For the final computation an algorithm based on Taylor expansion with forward and backward error analysis for computing those series had to be devised. We also implement several MATLAB programs which simulate and visualize the two‐dimensional lattice and check its energy conservation.

Boosting the computation of the matrix exponential

Boosting the computation of the matrix exponential, J. Sastre, J. Ibáñez, E. Defez, Appl. Math. Comput. in press, 2018, doi:10.1016/j.amc.2018.08.017, PreprintMatlab code expmpol.m.

This paper presents new Taylor algorithms for the computation of the matrix exponential based on recent new matrix polynomial evaluation methods. Those methods are more efficient than the well known Paterson–Stockmeyer method. The cost of the proposed algorithms is reduced with respect to previous algorithms based on Taylor approximations. Tests have been performed to compare the MATLAB implementations of the new algorithms to a state-of-the-art Padé algorithm for the computation of the matrix exponential, providing higher accuracy and cost performances.

First article with an application of the new matrix polynomial evaluation methods from J. Sastre, Efficient evaluation of matrix polynomials, Linear Algebra Appl. 539, (2018) 229-250. With the new matrix polynomial evaluation methods, Taylor approximation methods are more efficient than Padé approximant based methods.
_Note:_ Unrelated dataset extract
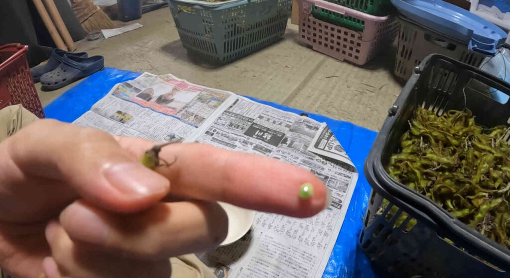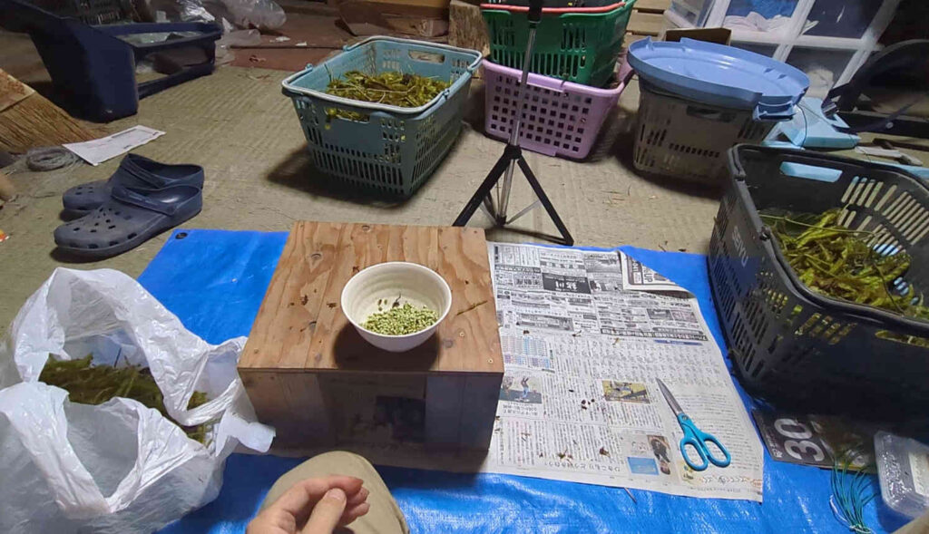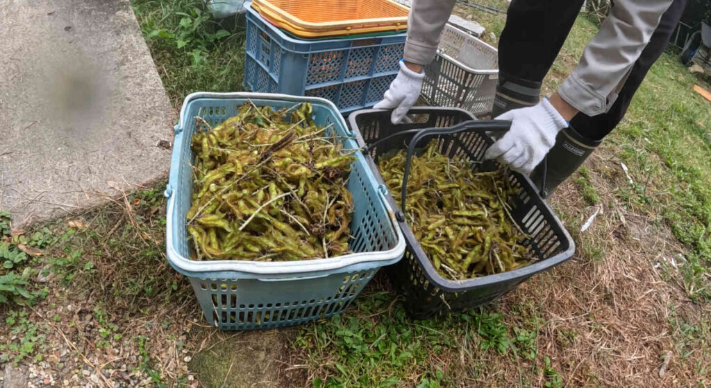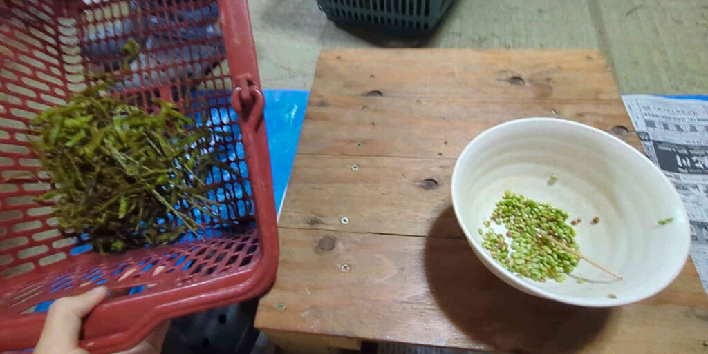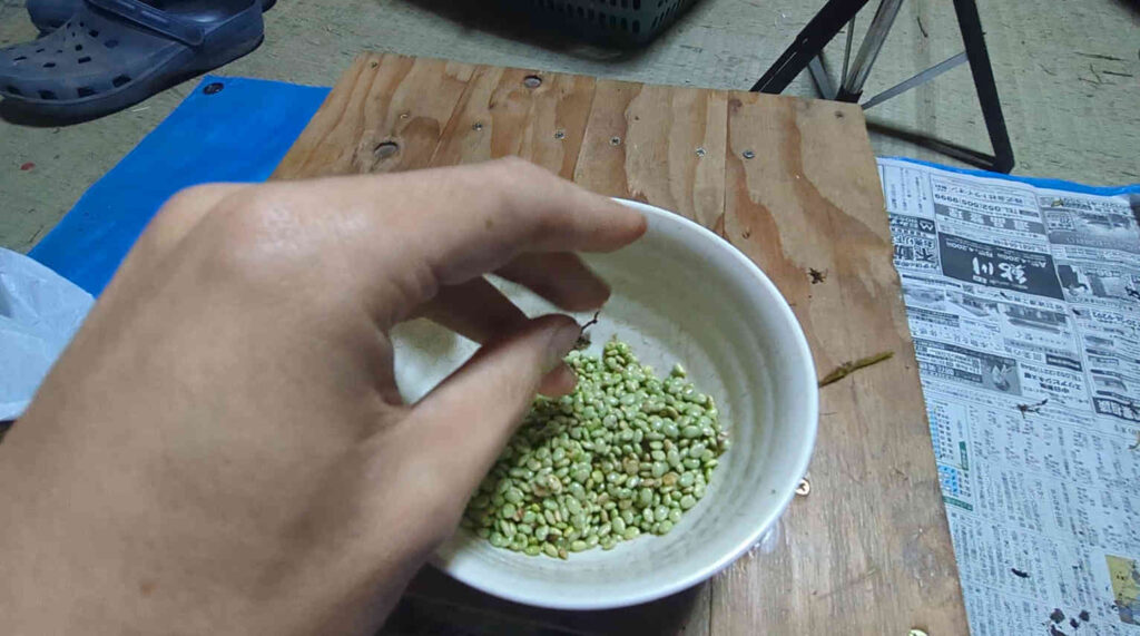 午前中、お昼ご飯を食べるまでの間ひたすら豆を取り続けて……

Modelling acoustics on the Poincaré half-plane

Modelling acoustics on the Poincaré half-plane. Michael M. Tung. Journal of Computational and Applied Mathematics DOI10.1016/j.cam.2017.10.037

Novel advances in the field of metamaterial research have permitted the engineering of devices with extraordinary characteristics. Here, we explore the possibilities in transformation acoustics to implement a model for the simulation of acoustic wave propagation on the Poincaré half-plane-the simplest model possessing hyperbolic geometry and also of considerable historical interest. We start off from a variational principle on the given spacetime manifold to find the design description of the model in the laboratory. After examining some significant geometrical and physical properties of the Poincaré half-plane model, we derive a general formal solution for its acoustic wave propagation. A numerical example for the evolution of the acoustic potential on a rectangular region of the Poincaré half-plane concludes this discussion.